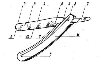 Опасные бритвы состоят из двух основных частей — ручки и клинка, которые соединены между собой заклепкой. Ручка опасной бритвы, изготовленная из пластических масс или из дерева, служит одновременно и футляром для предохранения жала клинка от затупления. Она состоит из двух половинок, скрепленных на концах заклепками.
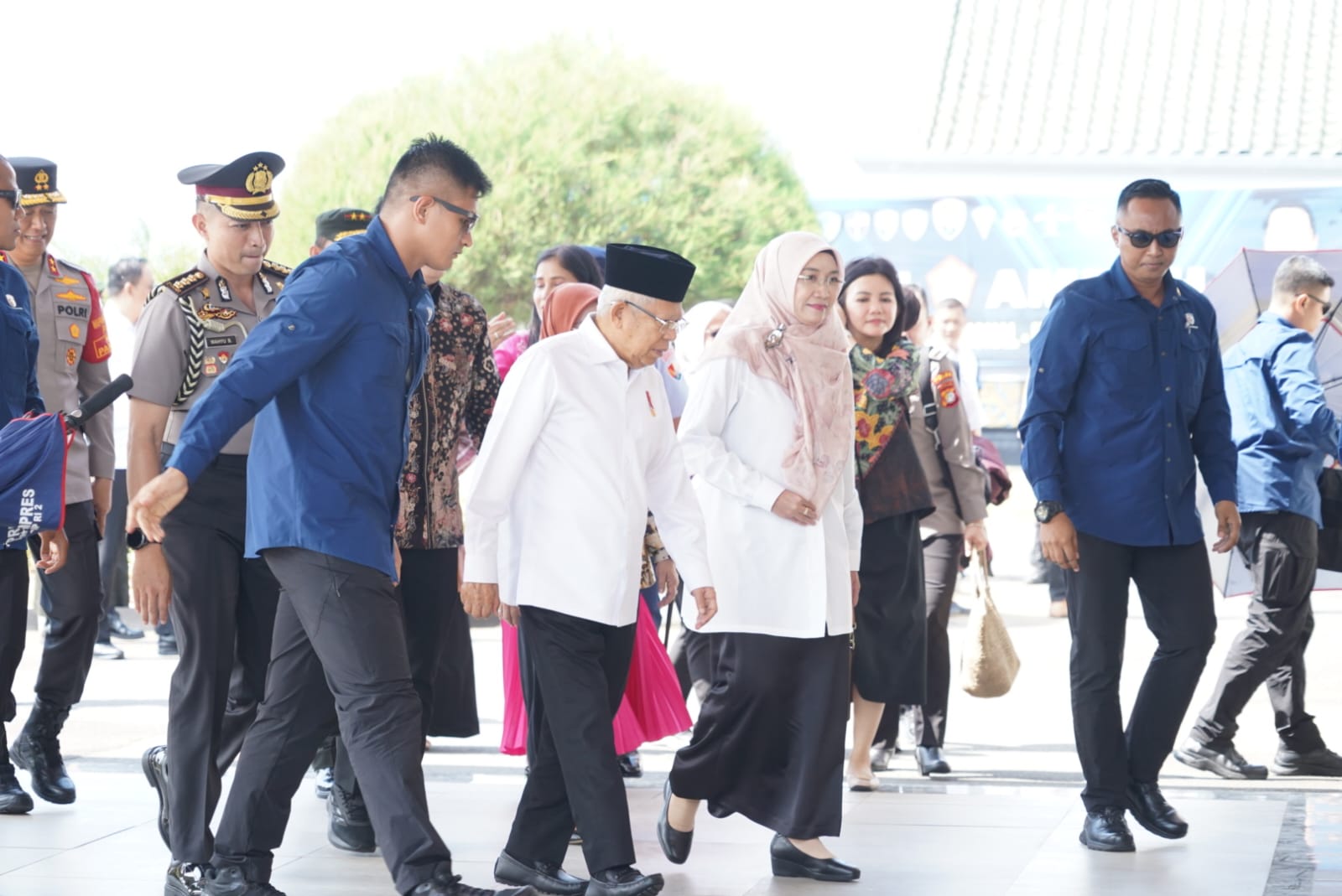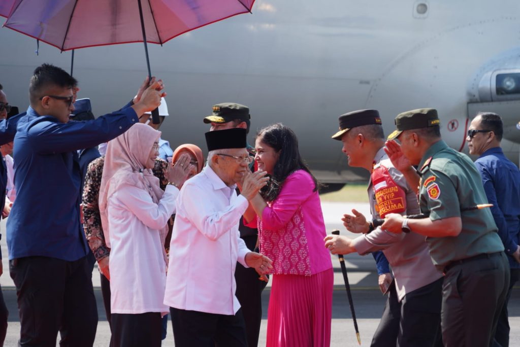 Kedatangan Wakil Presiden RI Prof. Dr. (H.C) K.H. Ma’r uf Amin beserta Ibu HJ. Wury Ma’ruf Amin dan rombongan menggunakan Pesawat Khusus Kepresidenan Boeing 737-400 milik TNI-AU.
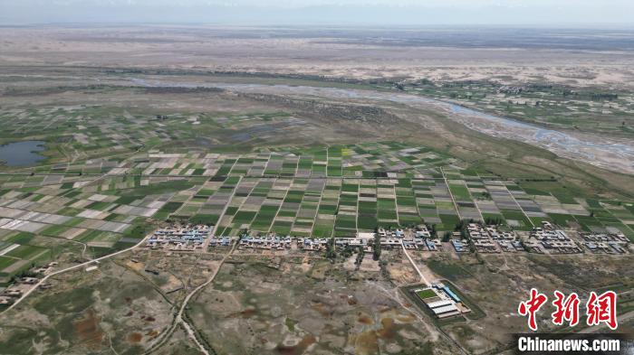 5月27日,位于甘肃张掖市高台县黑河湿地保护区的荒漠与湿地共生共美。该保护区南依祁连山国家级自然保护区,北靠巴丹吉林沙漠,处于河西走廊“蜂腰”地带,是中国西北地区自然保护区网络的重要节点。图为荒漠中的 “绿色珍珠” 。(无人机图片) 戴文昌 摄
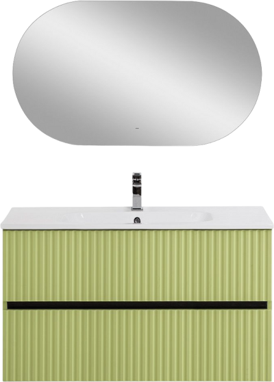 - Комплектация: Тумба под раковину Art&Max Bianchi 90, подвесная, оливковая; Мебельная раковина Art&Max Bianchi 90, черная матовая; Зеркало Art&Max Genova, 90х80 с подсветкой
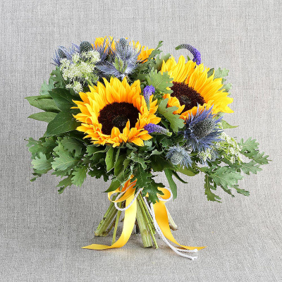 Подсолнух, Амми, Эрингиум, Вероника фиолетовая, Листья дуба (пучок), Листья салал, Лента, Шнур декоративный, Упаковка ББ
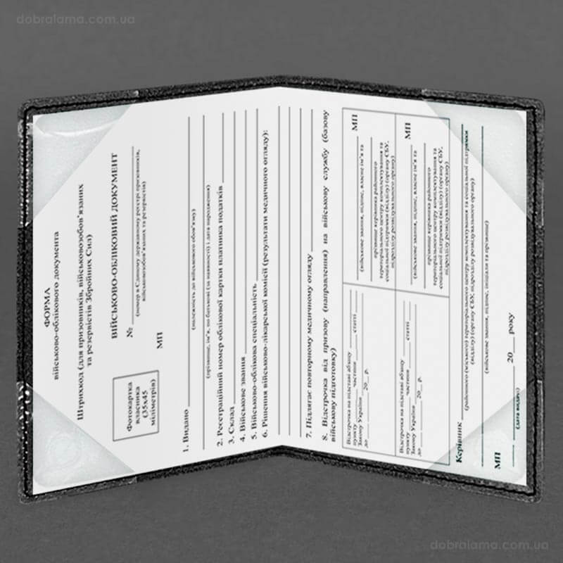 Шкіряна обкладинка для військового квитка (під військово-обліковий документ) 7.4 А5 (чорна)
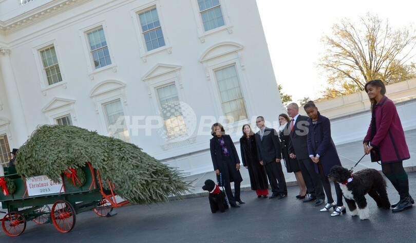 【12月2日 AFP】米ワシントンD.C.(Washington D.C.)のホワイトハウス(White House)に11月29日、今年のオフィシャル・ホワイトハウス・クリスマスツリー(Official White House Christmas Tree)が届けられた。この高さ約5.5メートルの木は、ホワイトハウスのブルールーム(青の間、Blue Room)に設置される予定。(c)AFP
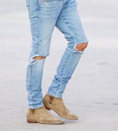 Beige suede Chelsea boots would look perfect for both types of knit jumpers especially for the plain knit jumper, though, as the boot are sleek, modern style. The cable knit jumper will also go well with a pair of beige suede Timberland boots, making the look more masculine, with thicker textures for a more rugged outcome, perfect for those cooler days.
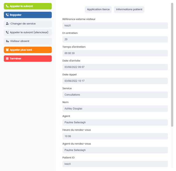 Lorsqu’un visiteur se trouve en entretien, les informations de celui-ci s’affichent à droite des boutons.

========================================

**Task**: Output only the lines that run from the line containing "Kedatangan Wakil Presiden" to the last line of the data, exactly as they stand and without pictures.

**Answer box**:
 Kedatangan Wakil Presiden RI Prof. Dr. (H.C) K.H. Ma’r uf Amin beserta Ibu HJ. Wury Ma’ruf Amin dan rombongan menggunakan Pesawat Khusus Kepresidenan Boeing 737-400 milik TNI-AU.
 5月27日,位于甘肃张掖市高台县黑河湿地保护区的荒漠与湿地共生共美。该保护区南依祁连山国家级自然保护区,北靠巴丹吉林沙漠,处于河西走廊“蜂腰”地带,是中国西北地区自然保护区网络的重要节点。图为荒漠中的 “绿色珍珠” 。(无人机图片) 戴文昌 摄
 - Комплектация: Тумба под раковину Art&Max Bianchi 90, подвесная, оливковая; Мебельная раковина Art&Max Bianchi 90, черная матовая; Зеркало Art&Max Genova, 90х80 с подсветкой
 Подсолнух, Амми, Эрингиум, Вероника фиолетовая, Листья дуба (пучок), Листья салал, Лента, Шнур декоративный, Упаковка ББ
 Шкіряна обкладинка для військового квитка (під військово-обліковий документ) 7.4 А5 (чорна)
 【12月2日 AFP】米ワシントンD.C.(Washington D.C.)のホワイトハウス(White House)に11月29日、今年のオフィシャル・ホワイトハウス・クリスマスツリー(Official White House Christmas Tree)が届けられた。この高さ約5.5メートルの木は、ホワイトハウスのブルールーム(青の間、Blue Room)に設置される予定。(c)AFP
 Beige suede Chelsea boots would look perfect for both types of knit jumpers especially for the plain knit jumper, though, as the boot are sleek, modern style. The cable knit jumper will also go well with a pair of beige suede Timberland boots, making the look more masculine, with thicker textures for a more rugged outcome, perfect for those cooler days.
 Lorsqu’un visiteur se trouve en entretien, les informations de celui-ci s’affichent à droite des boutons.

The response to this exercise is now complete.